Sunday, June 29, 2003

On Saturday, I shot a scene with my mammy.

On Sunday, I re-shot a scene with my niece-y.

Today, I will shoot a scene with Frances Krull, a fellow LeMartian and Postal Playhouse favorite.

Started thinking about my writing... follow my self-obsession...

So I like characters, right? Who doesn't? Everybody likes characters. Even writers who write really bad characters will still say they like characters. I'm probably one of them. But whatever. SHUT UP!

Anyway, when I write, I'll concentrate a lot of my time and energy on characters' behaviors and hang-ups and speech patterns and worldviews. Yes. Worldviews.
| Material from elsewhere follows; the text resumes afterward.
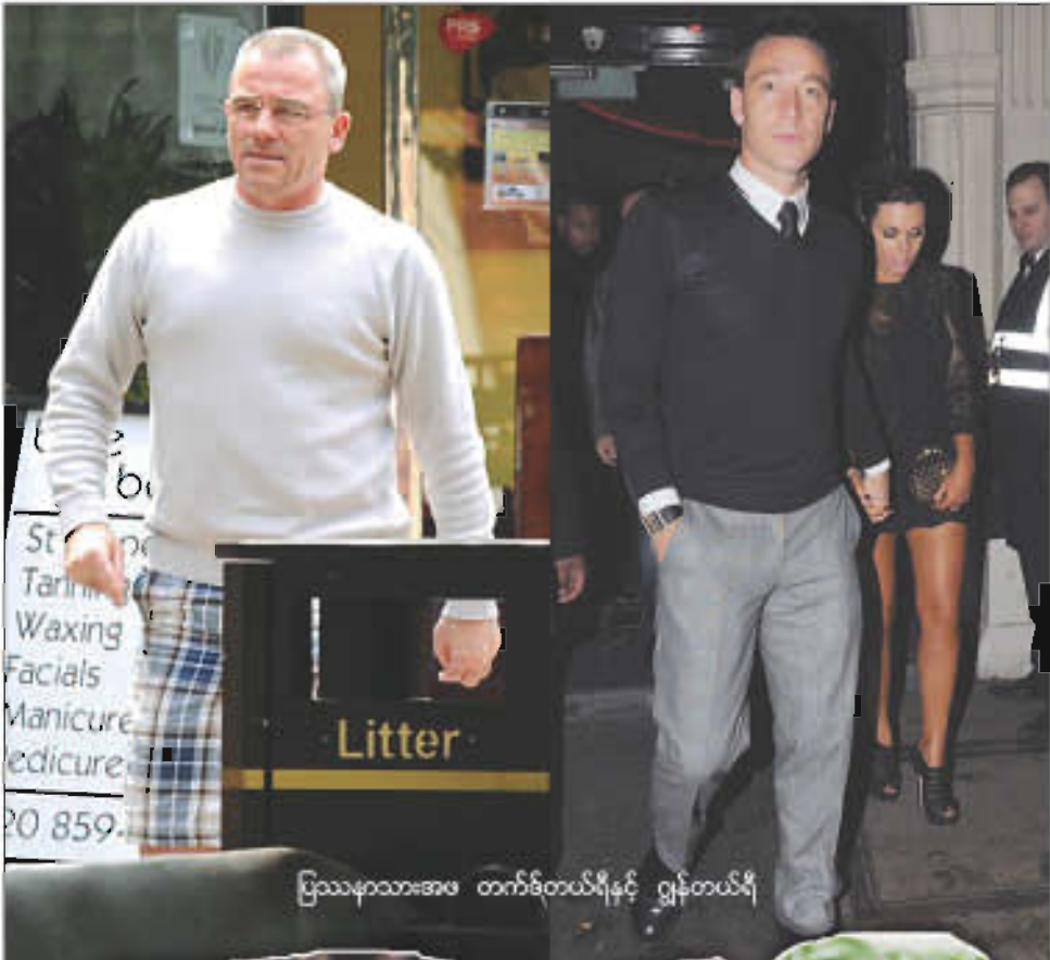
ပြဿနာသားအဖ တက်ဒ်တယ်ရီနှင့် ဂျွန်တယ်ရီ

Most of all, I want my characters to be able to have some sort of identification with its audience. Not in a "Oh, I really identify with this character" sort of way, but more like... "Oh, I recognize people like that. I've seen people like that. People like that actually exist." I like actuality. And some sort of honesty.
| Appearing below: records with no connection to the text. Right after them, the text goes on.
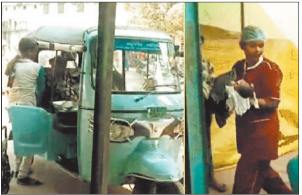
वह ऑटो जिसमें प्रसूता ने नवजात बच्चे को दिया जन्म।

दरद से तड़ प्रसूता को परिजन ई रिक्शा से लेकर अस्पताल के लिए रवाना हुए। इस दौरान प्रसूता के साथ स्वास्थ्य केन्द्र पहुंची मितानिन
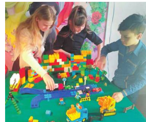
Студия мультипликации в Доме детского творчества
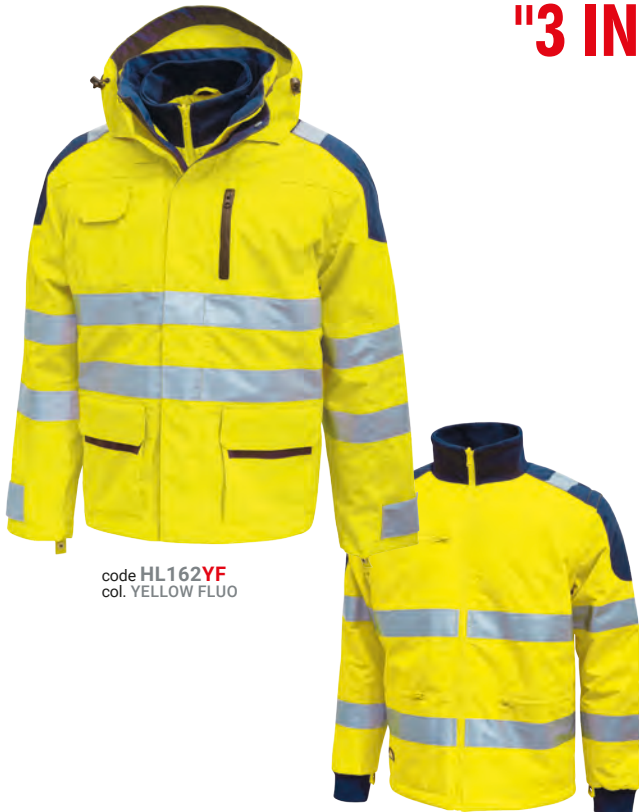
code HL162YF col. YELLOW FLUO

Because, you know... art never lies.

I would never lie to you, Jackie.

So, I've noticed that my desire to show characters in their natural, untapped state is sort of... bullshit. Because as much as I like honest characters, I also adore plot mechanics. O. Henry stories will always work. "Back to the Future 2" will always be better than the first. And "Three's Company" will always floor me with its pristine, air-tight plot constructions. This cannot be avoided. I am a boy and it is engrained in my foreskin.

But aren't these two opposing forces? I mean, can a character exist truthfully and honestly when it's constantly being manipulated by plot mechanics? I know that to some extent, a character will always be at the will of a writer's storytelling, but... for me, I'm having a really hard time finding a compromise between the two.
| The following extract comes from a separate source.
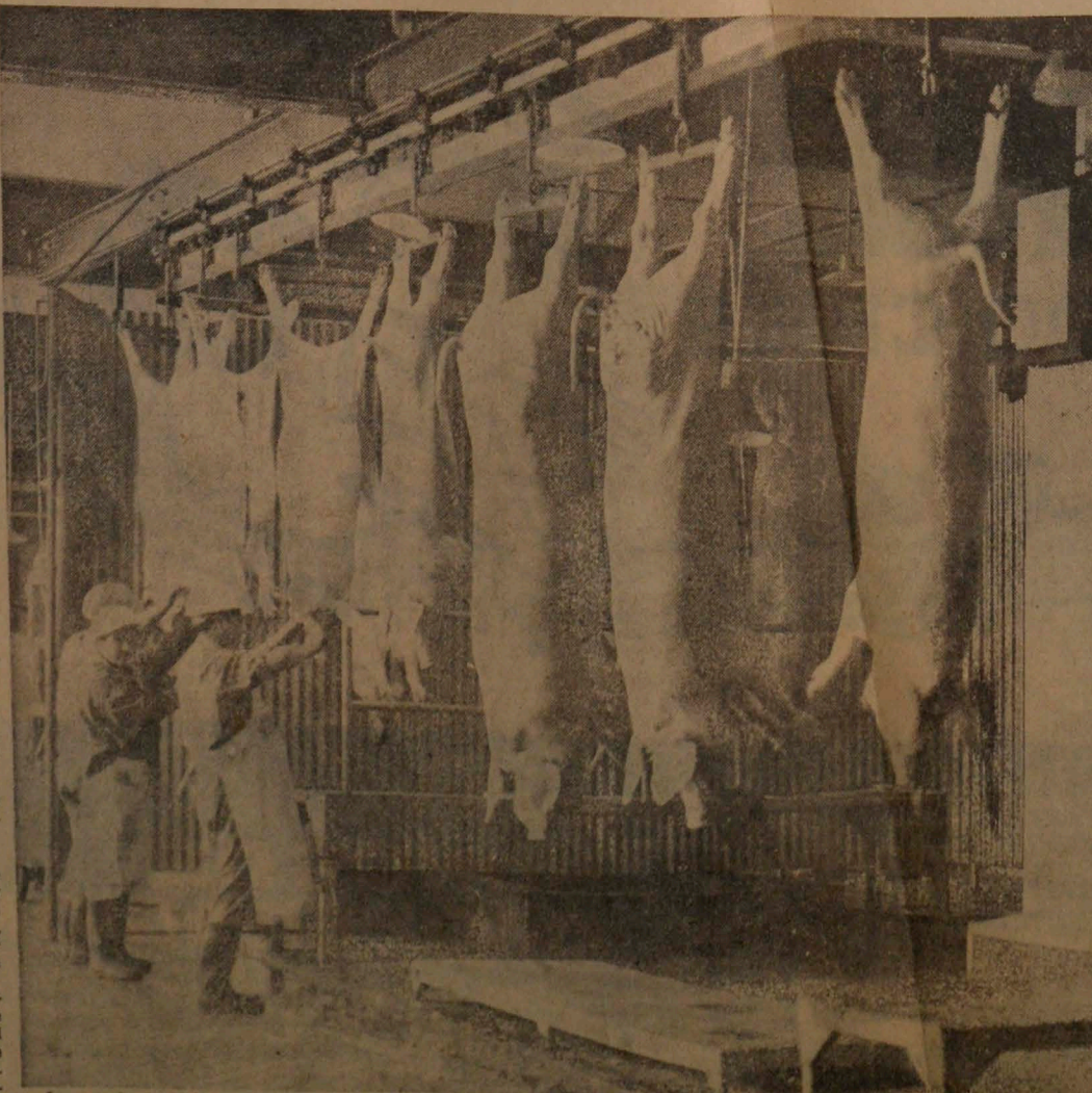
Luego de estar inactivo desde su construcción, comenzó a trabajar el Matadero de Lo Valledor, dependiente de SOCOAGRO. Ayer empezó a operar el matadero de cerdos, de modernísima construcción y equi-

En los corrales existe gran cantidad de corderos listos para el beneficio, lo mismo que vacunos que irán al matadero el lunes próximo.

Because in a lot of the stuff I write, there's a major shift of events in the "last act." Some may call it "contrived," but I call it... "contrived." And in the end, these characters who were going about somewhat truthfully are suddenly thrown into a situation that's... less-truthfully.

I don't know. I'm struggling with this because "David Mows Yards" is pretty contrived at the end and I'm trying to come to peace with that.

But it has to be contrived.

To prove its point.

And that point is?

I'm a poor writer.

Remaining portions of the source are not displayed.